Franklin Graves glared at him with real hatred in his eyes. “Why, you’ve got a nerve talking to me like that. I ought—”
But before the argument could escalate further, Graves was cut off by George, who stepped in front of Tamsen, sheltering her with his broad body. “Now listen to me, everyone . . . You’re wrong, Mrs. Pike. My wife has been with me all night in our tent, I can assure you. She couldn’t have left that item at your campsite. You have my word on it. We need to turn our focus toward finding the boy.”
“Not you,” Franklin Graves said. “You’ll be doing no such thing. We got rid of Reed when the power had gone too far to his head, and now looks like you’re the next. Can’t have murderers among us and I don’t care the reason.”
George swelled like a tom turkey puffing out its chest. Tamsen had seen that look before when he was ready to reprimand a servant or take the foolish preacher back in Springfield to task. “What utter nonsense!” His voice rose over their heads, sounding more confident than he had in months. “I will not waste my breath defending Tamsen—I have already done so on too many occasions. As for William Pike . . .” George paused, standing over the man’s body, where his wife still wept. He swallowed hard, then looked around at the gathered crowd. “Pike was a good man. But he was acting out of fear. This is what happens when we give in to our fears. I do repent for it, but I will never apologize for protecting my wife.”
Charles Stanton stepped forward. “There is a child missing and we can’t go on shouting and deliberating until he is found.”

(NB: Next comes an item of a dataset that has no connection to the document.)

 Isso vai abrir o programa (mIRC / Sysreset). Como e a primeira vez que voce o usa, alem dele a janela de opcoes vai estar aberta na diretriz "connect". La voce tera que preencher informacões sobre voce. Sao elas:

But as if in direct response, everyone began talking at once: Peggy Breen sputtering, Patrick Breen rushing to his wife’s defense, Jacob Donner wedging himself between the Breens and his brother, Harriet Pike still wailing over her husband’s prone body. Finally, Franklin Graves broke through the cacophony once more. He wagged a finger at George Donner. “Enough! I daresay I speak for everyone when I say I’m done with you . . . you Donners, with your money and your arrogance, and now this! Going around thinking you’re better than everyone else—and another man dead! Who’ll be next, I ask you?” The crowd had gone quiet, listening to Graves, and a tremor of fear moved through Tamsen. “I’ve had enough! From now on, you keep to yourselves if you know what’s good for you.” He cut a line with his arm in the air as though severing all connection with them.

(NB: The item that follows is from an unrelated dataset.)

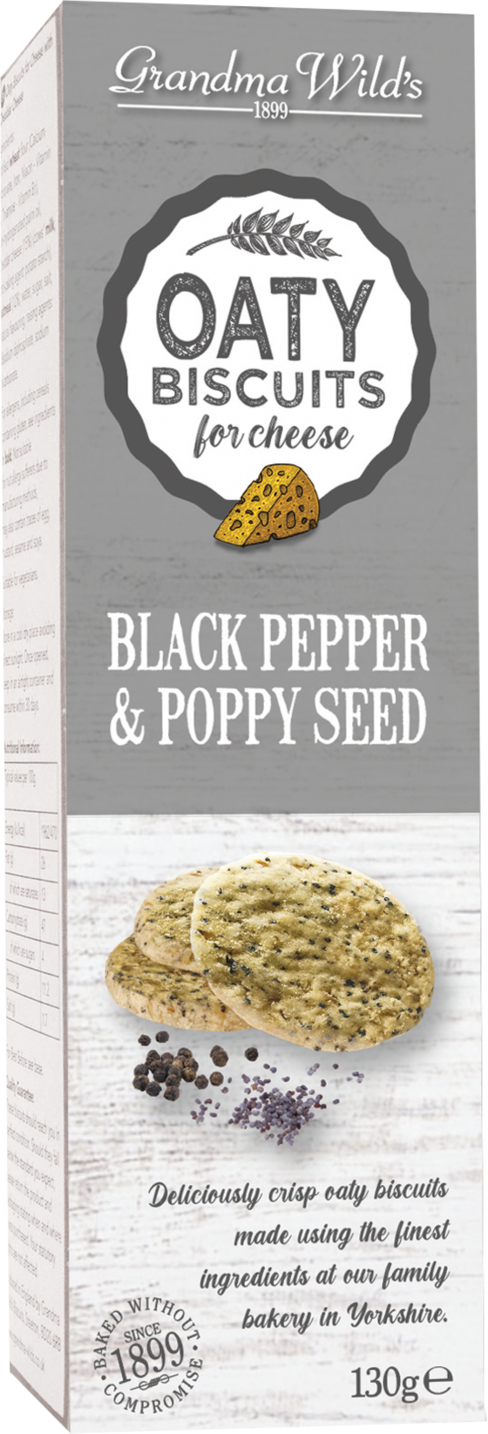 Fortified wheat flour (Calcium Carbonate, Iron, Niacin –Vitamin B 3 , Thiamine-Vitamin B 1 ), non-hydrogenated palm oil, oatmeal (13%), water, poppy seeds (7%), sugar, salt, black pepper, raising agents: disodium diphosphate, sodium bicarbonate.

For a moment, George Donner seemed horror-struck, the color drained from his face, as he realized what this meant, what Tamsen had already realized. The Donners would be pariahs to the rest of the wagon train—would be left to fend for themselves just as Reed had—and it was all Tamsen’s fault. But he recovered quickly, gathering his wife protectively under one arm. “As you say—so be it,” he said as he turned his back on the crowd.